Anti-racism training required for nurses
Anti-discriminatory education and training in the nursing workforce urgently needs to be introduced, particularly for child health nurses.
A Flinders University study, published by the Journal of Advanced Nursing, found that child health nurses often feel they’re ill equipped to challenge structural racism.
Lead researcher Associate Professor Julian Grant from Flinders University’s College of Nursing and Health Sciences said child health nurses are often the ones identifying racism or potential racism in service delivery but are often not given the education and training needed to help them counter racism in practice.
Dr Grant said the study of 31 child health nurses across five groups in South Australia focused on how child health nurses understood and made sense of racism and how they worked with racism in their everyday practice with Aboriginal peoples, migrants and refugees.
“For example, some felt that their actual practice was racist because they were not supported by the organisation to support families with culturally appropriate practices such as co-sleeping. They felt that this made their practice racist by not being able to support parent/family choices.
“We also found that there was a lot of misunderstanding about what racism actually was,” Dr Grant said.
“Many child health nurses did not recognise that their personal beliefs and values directly impacted on the care they provided for families.

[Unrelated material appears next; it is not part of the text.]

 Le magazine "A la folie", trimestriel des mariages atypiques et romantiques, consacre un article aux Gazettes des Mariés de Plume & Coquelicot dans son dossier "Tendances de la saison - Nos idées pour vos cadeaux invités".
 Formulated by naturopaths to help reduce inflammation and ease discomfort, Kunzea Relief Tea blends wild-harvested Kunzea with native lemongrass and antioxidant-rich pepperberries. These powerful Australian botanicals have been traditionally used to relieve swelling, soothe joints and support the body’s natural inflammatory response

“They are all hard-working child health nurses who are doing the best with the knowledge they have. The main issue is that they (and most other health professionals) need education and tangible strategies to counter racism in practice,” Dr Grant said.

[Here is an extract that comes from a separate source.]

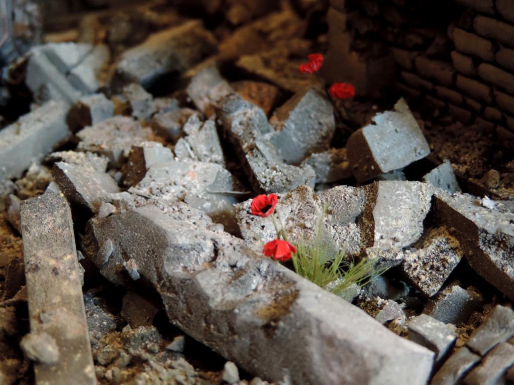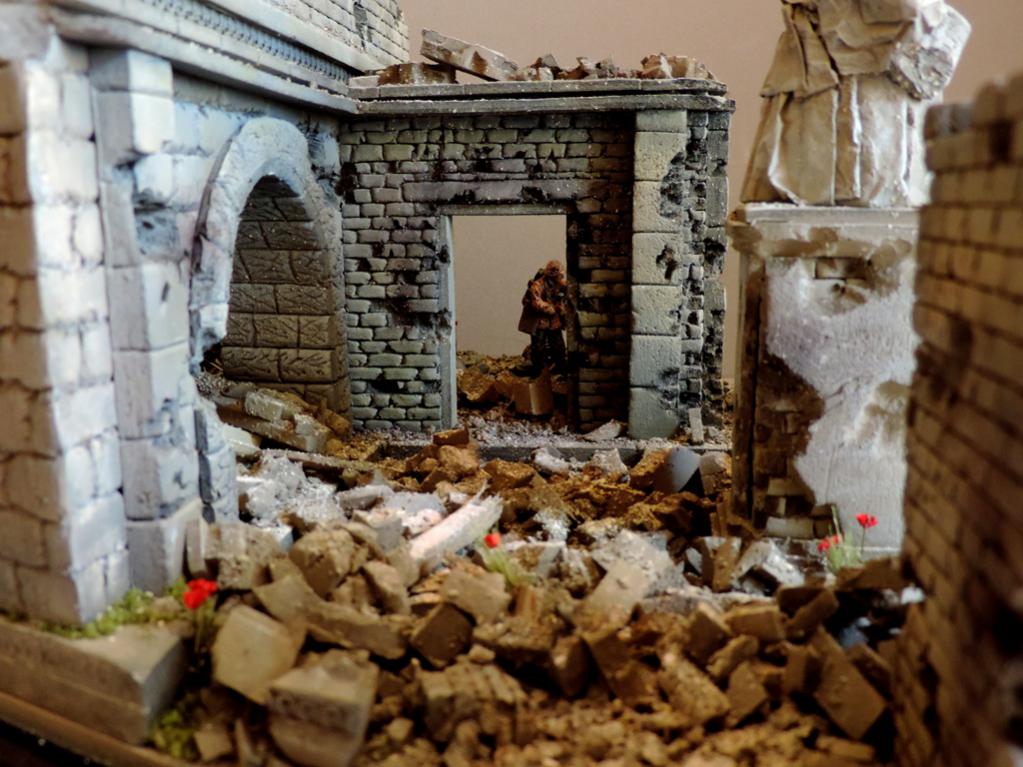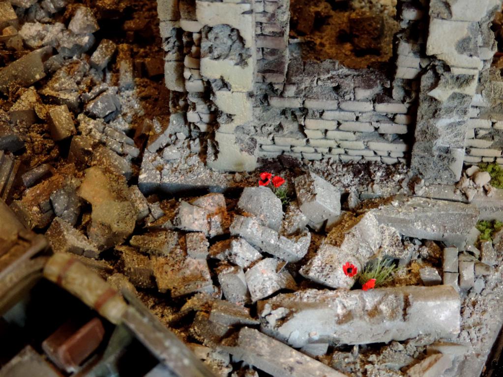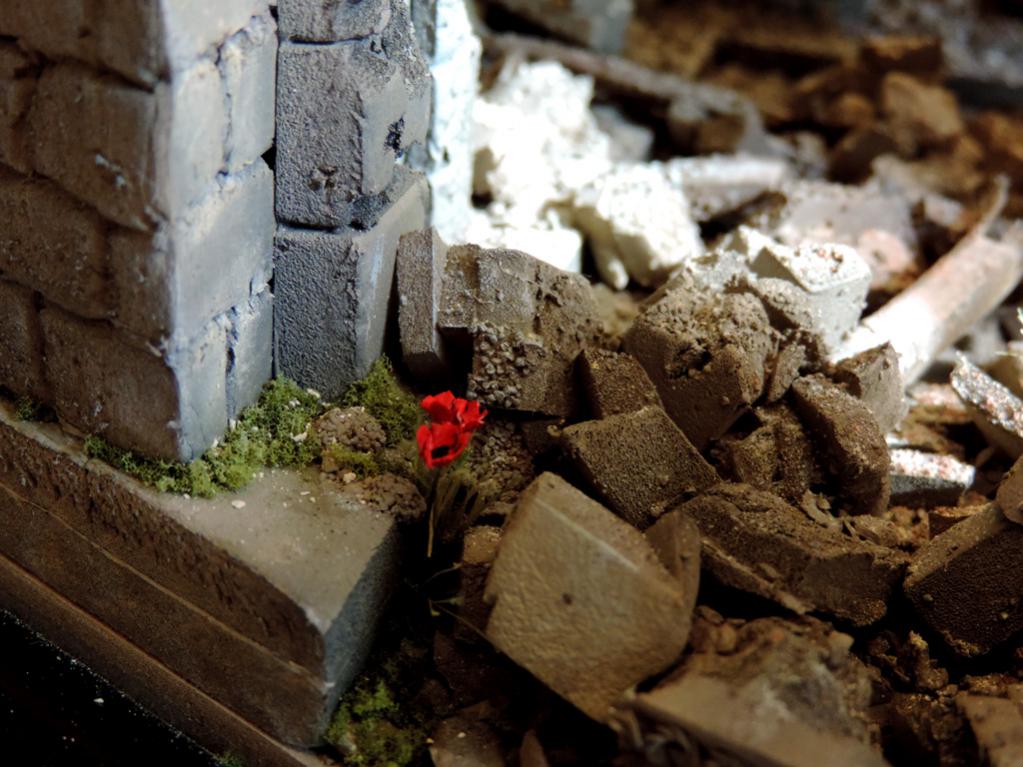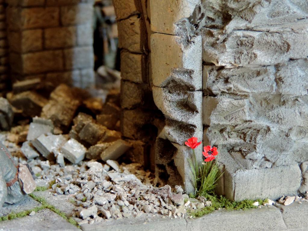 Основание, архитектура и каменюки сделаны из гипса и пенополистирола. Цветы из обыкновенной бумаги для принтера, покрашенной в красный цвет. Трава – сантехнический лён. Вроде всё. Приятного просмотра.
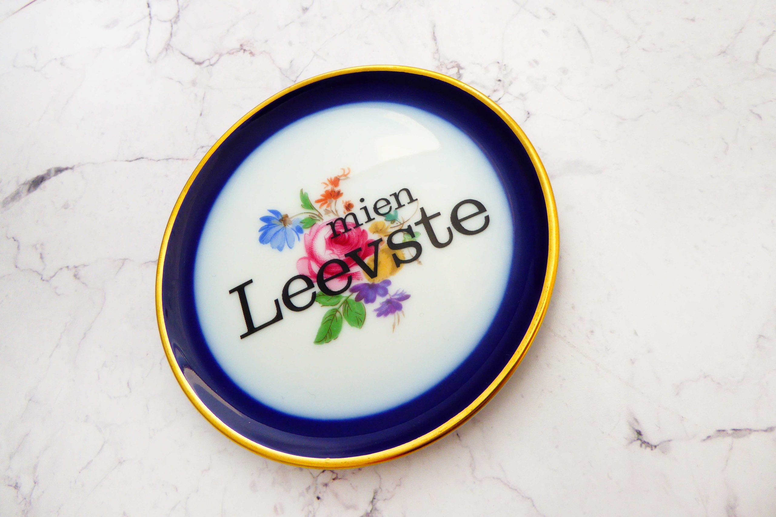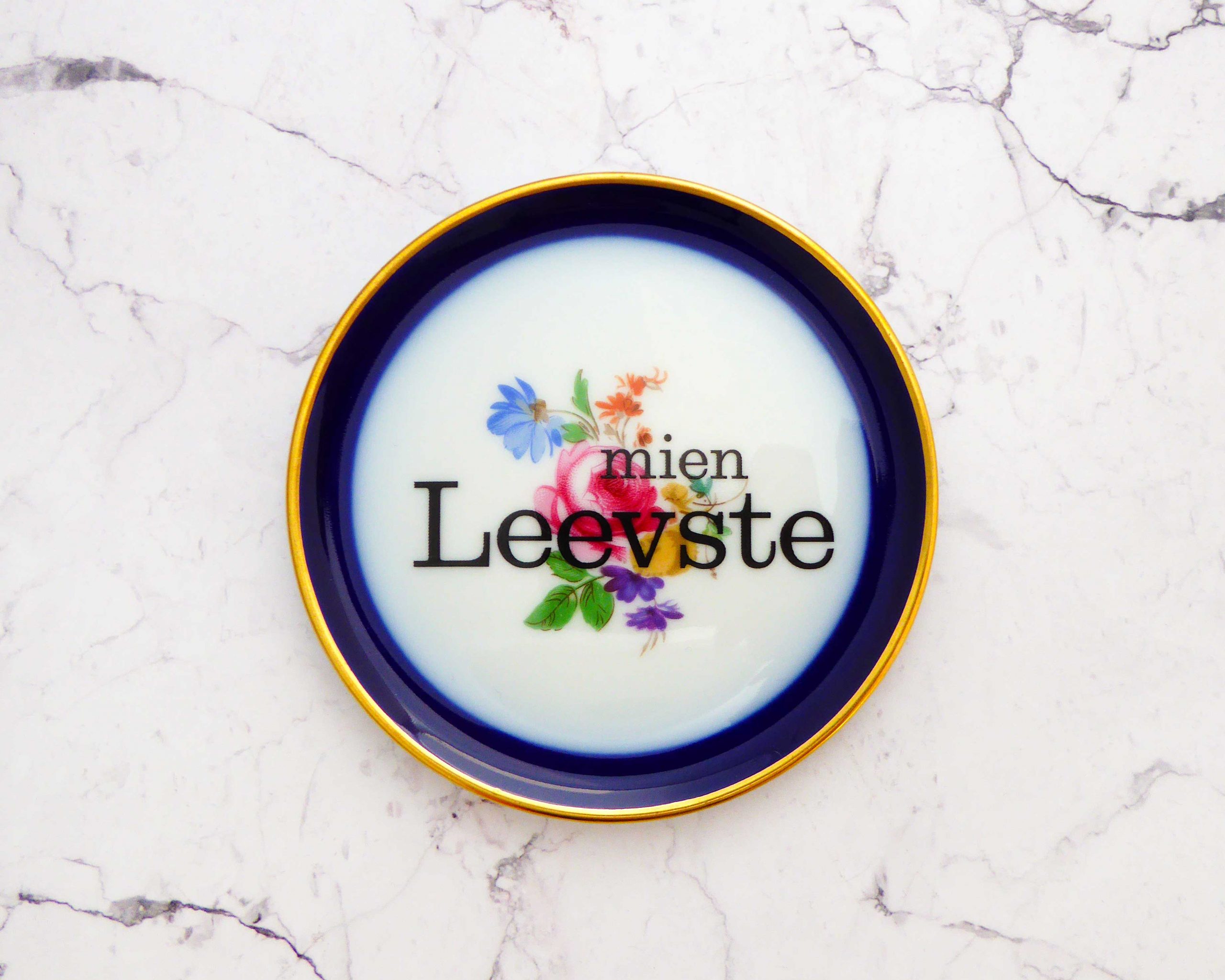 Jeder Wandteller wird handgefertigt. Dieser kleine Wandteller hat eine besonderes Blumen Decor und er hat ein schönen Blau/Gold Rand mit unserer Typo mien Leevste kann er für alle Dekozwecke genutz werden.

Child health nurses are community child health nurses who in SA mostly work for the Child and Family Health Service (CaFHS).
There has been little research to explore health professionals’ understanding of racism in health care, and how they manage it in practice. This study explored how nurses make sense of racism in practice and contribute to ensuring that children from diverse racial and ethnic backgrounds do not accumulate further disadvantage in their lives through culturally unsafe healthcare practice.
The five focus group discussions with 31 maternal, child and family health nurses working across metropolitan South Australia involved clinicians representing the core professional group working with infants and families in the first years of life.
“Child health nurses work extremely hard to partner with the families with whom they work, but their practice is sometimes compromised because the frameworks used in their primary education is outdated. These results show that we urgently need interactive and sustained anti-racist education in pre-service, graduate and workplace education,” Dr Grant said.
“Most importantly, we need further research to find out what anti-racist approaches work best for Australian children and families.”